On that tempestuous night at the Villa Diodati, Byron was the first to propose the ghost-story competition to the Shelleys and Dr. Polidori, yet his Lordship failed his own challenge. His own entry for the competition was a tantalizing “Fragment of a Novel,” which introduces the mysterious yet charismatic character of Augustus Darvell. Some readers believe Darvell may have been a prototype for Polidori’s “Vampyre,” although Byron’s sadly incomplete narrative leaves it open to question whether or not Darvell is a member of the undead.

But let us now imagine what might have been if, instead of a “Fragment of a Novel,” Byron had left us “The Novel of the Fragments.”

Hermit Tarot

 

The Novel of the Fragments

by

Lord Byron

 (as channeled by Peter Atkins)

 

I am to tell you, or so the muse instructs me, of the curious adventure that befell me during my wanderings in that mist-shrouded region of hills and caverns—nestled between two neighboring kingdoms and long the source of their centuries-old enmity—which our unimaginative guidebooks call merely The Taviani Pass (after the Venetian botanist who first mapped it) but which is known to one of its reclusive mountain tribes in their strangely beautiful mongrel tongue as Draumestauch, or The Place of Gentle Misfortune.

I was descending a south-facing slope, aware already of how low the sun was to my right, when I grew conscious of a whistled air, high and lilting and tantalizingly faint. At first convinced it was naught but the wind itself, transmuted into accidental melody by its passage through crevice and crevasse, I was forced to revise my opinion when a sudden sour note in a trilling climb within the tune prefaced a pause and then a renewed attempt at the melodic ascent. Neither wind nor accident then, I realized, and was at once—distance and nightfall be damned—determined to find the mysterious whistler. For you see, the air was not unknown to me; it was in fact one of those ‘Hebrew Melodies’ composed by Mr. Nathan some years earlier as settings for lyrics of my own invention.

A turn or two within the rocky bypaths brought me ere long to the narrow mouth of a cave hidden from the casual glances of most who would brave the mountain, and a walk of but a hundred feet or so within its shadowed reaches brought me to the source of the whistled refrain:

Illuminated by the dancing flame of a torch mounted on the cave-wall, a solitary Hermit in monk-like robes and cowl sat beneath a primitive looking glass of polished obsidian fastened to the rocky surface behind him. As I stepped into the pool of light cast by the torch, the fellow stopped his whistling.

“Welcome, my Lord,” he said, and beckoned me forward.

“You have the advantage of me, Sir,” I said. “In whose company do I find myself?”

“I am the Guardian of the Fragments,” he said, with a certain haughtiness not generally associated with—nor, to my understanding, encouraged in—those of the monkish persuasion.

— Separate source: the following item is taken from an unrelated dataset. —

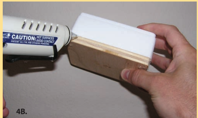
Figure 4A. The pipet tip box is placed over a piece of \frac{3}{4} " plywood cut to size. 4B. It is secured in place with hot glue.

Connect a length of rubber tubing from the regulator on a CO 2 tank to the aquarium valve using polypropylene connecting tubes as needed (Figure 1). Run plastic tubing from the aquarium valve to individual platforms. In some cases, a fitting reducer is needed if the CO 2 tank valve and the aquarium valve are different sizes. We color code the aquarium valve and platforms with colored tape so we can quickly identify which valve feeds which platform. Adequate CO 2 flow exists if you can feel the gas lightly diffusing through the platform with the back of your hand or if you hear it lightly hissing if you hold the platform next to your ear. If the flies are visibly moved by the gas diffusing through the platforms, the flow may be too high. Conversely, if flies resuscitate and begin to walk around, adjust the valve to increase the flow of gas which should immediately immobilize them. Once the gas level is set, the platforms may be placed under dissecting microscopes for observation and manipulation of Drosophila .

“Fragments?” said I. For, I confess, curiosity had triumphed over my disdain for his cheap Mummers’ Show theatrics.

“Fragments of Time, my Lord,” he said. “Glimpses of worlds that were, worlds that will be, and even worlds that are.”

Well, the damned fellow had my attention. I had to give him that.

“Do we see them in the glass?” I said, nodding at the obsidian pane behind him.

There was a pause before his reply—“Alas, no,” he eventually said—and I realized I’d inadvertently knocked a chip out of his self-importance. Missed a trick there, he was probably thinking, while no doubt planning a quick bit of redecoration before the next punter wandered in.

Making the best of it, however, he reached within the copious folds of his robe and removed a document.

“From the distant past,” he said, and held the thing out for me to take, which I did.

It was a single sheet of a fine antique parchment and it was folded in half. On the outside of the fold, as one addressing an envelope, someone had written a three-word title in a decent copperplate while the inside, once unfolded, contained a prose passage of some two or three hundred words:

ONLY DEATH, SIR

           When the King of all the lands that were fair asked for berries, berries were brought. When his thirst sought sweet water, sweet water was found. So when he asked for wisdom, it was not long before his courtiers brought to him a man of whom no question had been asked for which he had not found an answer.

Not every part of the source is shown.